The first paper examines the culture of commemoration surrounding Iranian-sponsored militias active in the Syrian War, known as the "Shrine Defenders." It focuses on the image of the fighters within Iranian media and state-sponsored cultural production as well as the critiques these men generate. It argues that this exposes anxieties about the type of Iran-centric, Shi'i nationalist project that elements within the Islamic Republic are promoting. The second paper explores how Lebanese films of the 1950s and 1960s articulate anxieties over the effects of emigration on Lebanon. By comparing the visual landscapes of Lebanon and the diaspora in the films, the paper shows how they critique the straitened choices and circumscribed lives of rural men in the first decades of Lebanon's independence, thereby calling the nation-state into question.
Also exploring representations of Lebanese diasporas, the third paper examines autobiography as transnational representational practice, and its potentialities as a site of feminist theory. Through a close reading of an essay by Lebanese-American author Ethel Adnan, "Growing up to be a Woman Writer in Lebanon," the paper reflects on the political relevance of personal anxieties, expressed in themes about language, motherhood and exile, in addition to the figuration of the West as a site of moral demise for emancipated Middle Eastern women.

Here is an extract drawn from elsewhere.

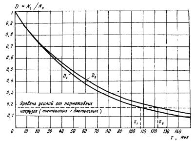элемента с размерами 40´40´360 см Найдем предел огнестойкости колонны через 100 мин огневого воздействия. На рис. 3,а показано распределение температуры по сечению элемента через 100 мин нагрева. Проделав аналогичные вычисления, получаем Фt = 0,84[1909 + (12,56 + 4,52)×44,2 ] = 2238 кН. В качестве расчетного значения нагрузки примем 0,95×2667,5 = 2534,2 кН и коэффициент надежности по нагрузке g = 1,2. Тогда нормативная нагрузка 2534,2/1,2 = 2112 кН. Строится зависимость изменения D = Nt/No от времени воздействия "стандартного" пожара, используя формулу (10). На рис. 4 это кривая D1. Как видим, предел огнестойкости заданного сжатого элемента равен t1 = 108 мин, т.е. ниже 120 мин. Примем основную рабочую арматуру As1 диаметром 28 мм. Проведя соответствующие решения, построим аналогичную кривую изменения несущей способности во времени огневого воздействия (см. рис. 4, кривая D2). Предел огнестойкости при заданном уровне нормативной нагрузки будет t2 = 122 мин, что больше нормативного значения 120 мин.

The fourth paper shifts focus to Syrian-Turkish relations and argues that historical masculine anxieties over sovereignty have dominated contemporary Syrian government-sponsored news media and television series framing of relations with Turkey. The paper highlights how tropes about violations of masculinity play a central role in the Syrian state's efforts to influence shifting public perceptions of Turkey over the last three decades. Collective memories of Ottoman emasculation of Syrians, the paper shows, haunt Syrian perceptions of Turkey as represented in cultural productions and discussed on news media.

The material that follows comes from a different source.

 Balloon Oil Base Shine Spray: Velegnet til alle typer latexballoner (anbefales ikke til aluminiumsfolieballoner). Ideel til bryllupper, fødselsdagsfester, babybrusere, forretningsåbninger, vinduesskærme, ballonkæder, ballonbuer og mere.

In this presentation, I argue that masculine anxieties over sovereignty have dominated the Syrian government-sponsored media framing of the country’s relations with Turkey. Through an analysis of two Syrian TV series, and a textual study of the Syrian press since 2011, I argue that historical memories about Turkish domination reproduce masculinized national anxieties over Turkish entry into Syria, whether framed as a breach of sovereignty or state-sanctioned invitation.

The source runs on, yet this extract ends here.